There are also stipulations on the type of property you can purchase with an FHA loan.
- Must do an FHA assessment and home inspection
- The home loan should only be used for the main residence
- No houses were bought in the last 90 days and then resold (no turnaround!)
To see how much your monthly mortgage payment could be, use an online purchase calculator to see the difference in interest rates, advances and mortgage terms. You can also use Credible’s free online tools to see what rates you should qualify for.
HOW WOULD YOU BENEFIT FROM ADJUSTABLE RATE MORTGAGE
Other mortgage options
If an FHA loan does not meet your needs, there are other mortgage options available.
- Conventional loans: Conventional loans are the most common type of mortgage loan; they are loans not guaranteed by the government, but by a traditional lender.

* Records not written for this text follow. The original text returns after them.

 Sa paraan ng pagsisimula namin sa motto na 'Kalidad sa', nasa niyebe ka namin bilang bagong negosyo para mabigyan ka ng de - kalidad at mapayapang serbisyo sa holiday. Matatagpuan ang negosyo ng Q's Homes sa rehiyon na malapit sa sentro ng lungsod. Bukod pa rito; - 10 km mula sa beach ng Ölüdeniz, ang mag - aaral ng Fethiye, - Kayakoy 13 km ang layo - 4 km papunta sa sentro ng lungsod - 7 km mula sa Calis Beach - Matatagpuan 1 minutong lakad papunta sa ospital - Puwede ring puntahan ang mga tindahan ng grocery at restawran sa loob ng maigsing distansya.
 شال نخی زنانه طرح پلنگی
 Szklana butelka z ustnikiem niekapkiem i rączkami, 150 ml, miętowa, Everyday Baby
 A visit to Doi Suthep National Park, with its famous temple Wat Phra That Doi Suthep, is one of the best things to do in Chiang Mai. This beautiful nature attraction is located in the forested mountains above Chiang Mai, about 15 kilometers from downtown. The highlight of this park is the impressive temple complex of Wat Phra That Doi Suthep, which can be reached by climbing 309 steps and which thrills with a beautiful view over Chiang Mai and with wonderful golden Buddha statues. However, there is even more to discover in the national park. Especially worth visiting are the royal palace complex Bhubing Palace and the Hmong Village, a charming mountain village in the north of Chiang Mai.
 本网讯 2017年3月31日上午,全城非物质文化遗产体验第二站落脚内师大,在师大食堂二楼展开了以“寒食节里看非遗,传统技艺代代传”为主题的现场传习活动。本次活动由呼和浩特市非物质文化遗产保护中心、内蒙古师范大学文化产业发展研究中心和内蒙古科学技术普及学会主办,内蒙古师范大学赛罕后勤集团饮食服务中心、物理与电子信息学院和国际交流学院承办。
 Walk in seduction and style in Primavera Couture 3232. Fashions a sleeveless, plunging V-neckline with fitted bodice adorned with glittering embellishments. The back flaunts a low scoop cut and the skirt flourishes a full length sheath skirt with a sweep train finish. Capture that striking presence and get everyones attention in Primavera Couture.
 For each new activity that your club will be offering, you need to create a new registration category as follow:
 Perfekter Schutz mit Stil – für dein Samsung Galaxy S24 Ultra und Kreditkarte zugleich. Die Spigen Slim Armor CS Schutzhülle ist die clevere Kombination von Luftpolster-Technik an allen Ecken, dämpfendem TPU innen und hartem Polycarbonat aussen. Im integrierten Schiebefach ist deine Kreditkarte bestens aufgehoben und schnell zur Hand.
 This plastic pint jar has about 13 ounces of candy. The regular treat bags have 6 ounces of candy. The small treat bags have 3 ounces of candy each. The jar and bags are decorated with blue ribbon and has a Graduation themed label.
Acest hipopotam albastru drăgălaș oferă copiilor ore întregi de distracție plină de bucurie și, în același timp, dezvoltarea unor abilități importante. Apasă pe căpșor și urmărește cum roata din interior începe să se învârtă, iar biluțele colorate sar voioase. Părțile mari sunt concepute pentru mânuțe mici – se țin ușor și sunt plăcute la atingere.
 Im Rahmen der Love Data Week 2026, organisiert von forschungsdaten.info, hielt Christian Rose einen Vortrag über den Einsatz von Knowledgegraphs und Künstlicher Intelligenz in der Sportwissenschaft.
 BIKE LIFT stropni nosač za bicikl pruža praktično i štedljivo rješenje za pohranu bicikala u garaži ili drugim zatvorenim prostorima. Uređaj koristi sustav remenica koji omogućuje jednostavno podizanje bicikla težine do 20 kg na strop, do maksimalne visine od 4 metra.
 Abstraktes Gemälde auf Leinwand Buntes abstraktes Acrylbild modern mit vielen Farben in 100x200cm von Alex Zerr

- Interest-only loans: As it seems, in the case of interest-only mortgages, borrowers pay only the interest on the loan for a certain period and make no contribution to the balance of the principal loan.
- Loans at adjustable rates: Adjustable rate mortgages have rates that fluctuate with the markets and adjust periodically over time.
- Jumbo Loans: This is a loan above the “compliant loan” limit ($ 548,250 in 2021). This often requires a score of 700 credits or more.
- VA Loans: Another type of loan guaranteed by the government these are offered only to veterans of the armed forces.
Analysts predict that the housing and refinancing boom will continue until 2021. Now, with higher loan limits, buying a home is more accessible to buyers ready to start their real estate adventure. Before purchasing, first check mortgage rates and receive pre-approval from an online mortgage broker like Credible.